No matter which moisturizer I try, everytime I put it on, upon initial contact with my facial skin, it stings slightly (some more than others). Even the one I bought directly from my dermotologist stings (but much less than others I've tried though).

Is this normal ? Am I applying it too soon after I wash my face at night?


----------



## dixiewolf (Jan 19, 2006)

Most moisturizers burn me. I have super sensitive skin, I have to use fragrance free stuff, and right now I use baby lotion on my body and I wash with baby wash. I usually put aveeno lotion on my face, and my mom gave me a heavier lotion she got from her Mary Kay lady for the face, and I actually went ahhhhh, when I put it on, b/c my face was so dry and burning. It stings before I even put lotion on. When my skin is really dry, I use Gold Bond ultimate healing. None of those lotions burn or cause my skin to itch all day long.


----------



## Amethyst (Jan 19, 2006)

I usually only use toner when my face feels really oily or breaks out. Other than that, and especially in the winter I use very little toner. The moisturizer that my doc gave me is fragrance free - I didn't check it for alcohol though.

It just seems that every new one I try stings initially...I'm wondering if its really moisturizing my face.


----------



## monniej (Jan 19, 2006)

this doesn't sound normal to me. i'm trying to imagine why a moisturizer would burn? are you using a scrub or exfoliant that might leave your skin sensitive? or maybe i'm just overreacting.


----------



## KittySkyfish (Jan 19, 2006)

Can you name what moisturizers are stinging your face? It sounds like you have sensitive skin but possibly it can also be caused by a low-grade irritation that is not going away. Some that come to mind are perioral dermatitis, seborrheic dermatitis or even just a run o' the mill irritation from your cleanser. If it's too drying, it can cause minute patches of irritation, which then are primed to cry out if it's exposed to something even mildly irritating.

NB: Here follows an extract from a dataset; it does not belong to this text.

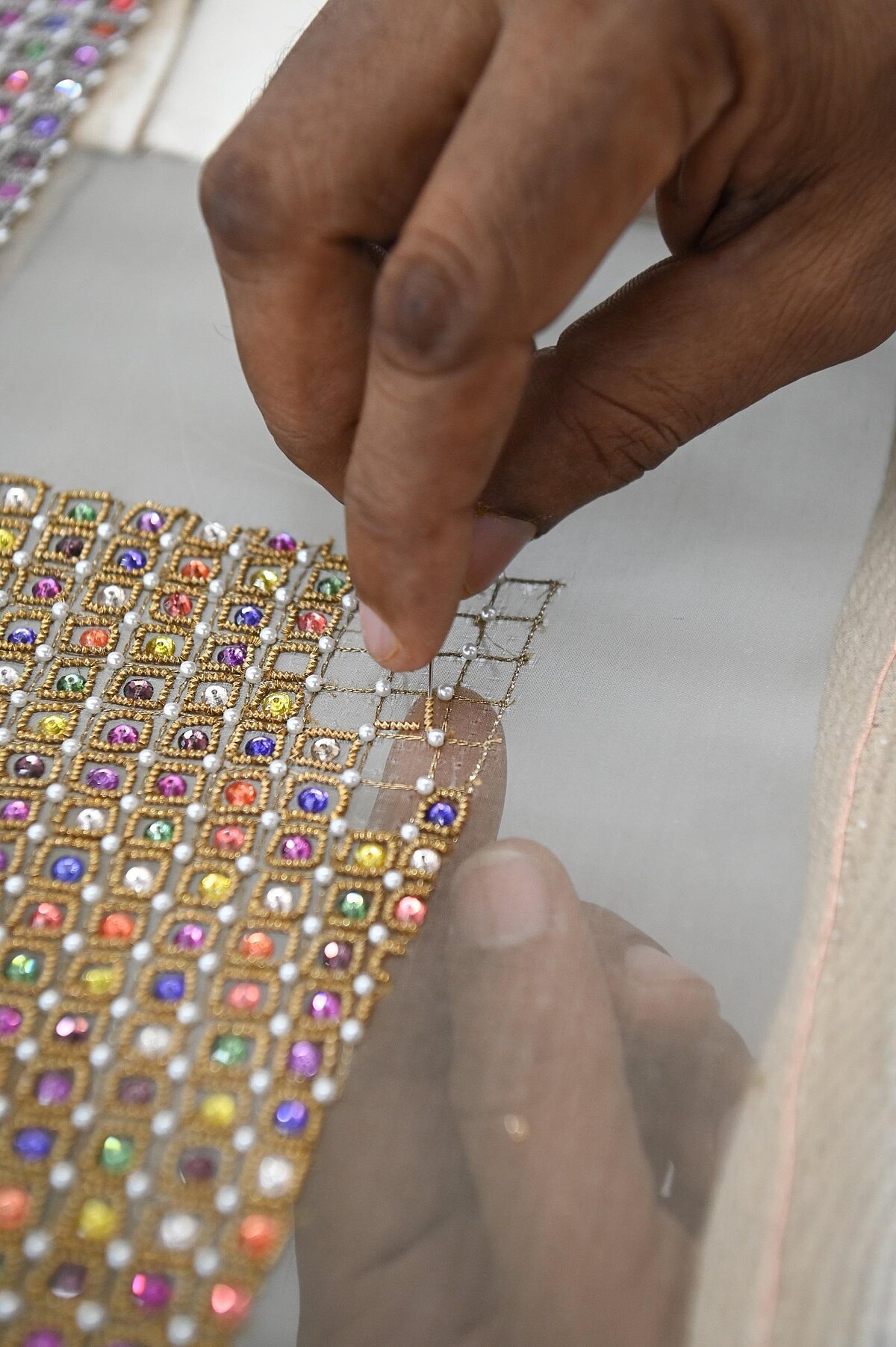 這場藝術交流的時裝饗宴中,有著多彩豐富的視覺體驗,濃厚的工藝精神,比如印度自古流傳至今的絲織工藝體現在罩衫、打褶裙與洋裝設計上。有趣的是,雖然保留濃厚的傳統底蘊,卻注入了令人耳目一新的現代風格,具有高實穿性的直筒褲襯上華麗珠片,金屬絲線勾勒出絕美 Zardozi 刺繡工藝,虹彩蕾絲點綴華服,為造型加入多元性與女性特質,幾何概念重新塑造印度傳統印象,設計師將傳統血脈保存,讓雙方文化與長久聯繫深深流淌在這場優雅雋永的時裝大秀上。
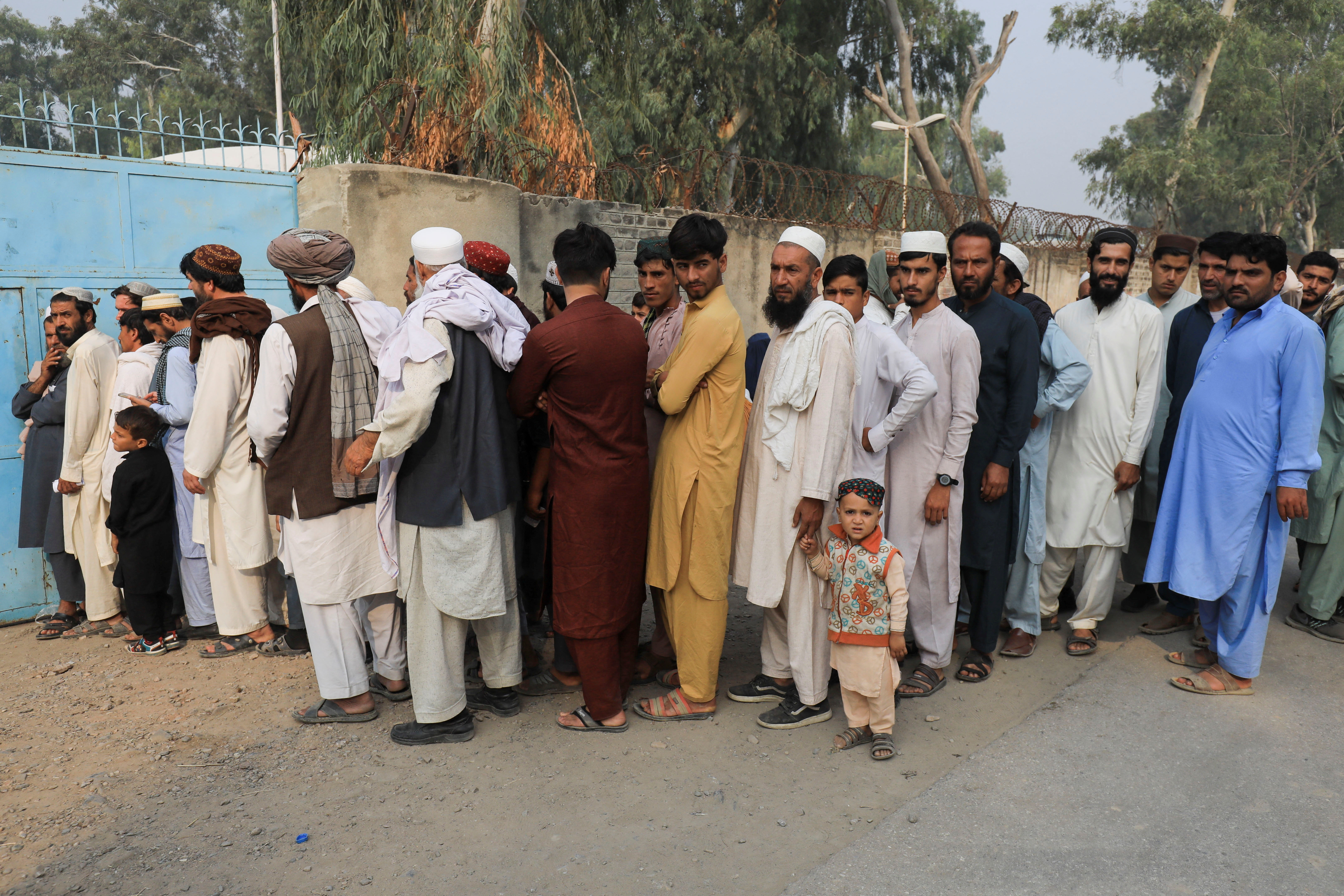 阿富汗难民男子在巴基斯坦Azakhel镇的联合国难民事务高级专员办事处外排队办理文件,巴基斯坦已经警告无证移民离开,2023年10月30日。 路透社/Fayaz Aziz

Are you seeing a derm for acne? If you're on an acne treatment then it's possible it's causing a low grade irritation. Nothing out of the norm from what I understand, but then I guess all you need is to find something very soothing and you'll be fine.


----------



## Amethyst (Jan 20, 2006)

I don't have acne and my regime is as follows: I wash my face with Cetaphil car soap, and I take my eye makeup off with a cotton pad saturated with Johnson's Baby Oil. I've been doing this for years.

Now last night I went back to using my moisturizer from my dermotologist (forget the name). I washed my face, dried, and then put it on. Again it stung a little.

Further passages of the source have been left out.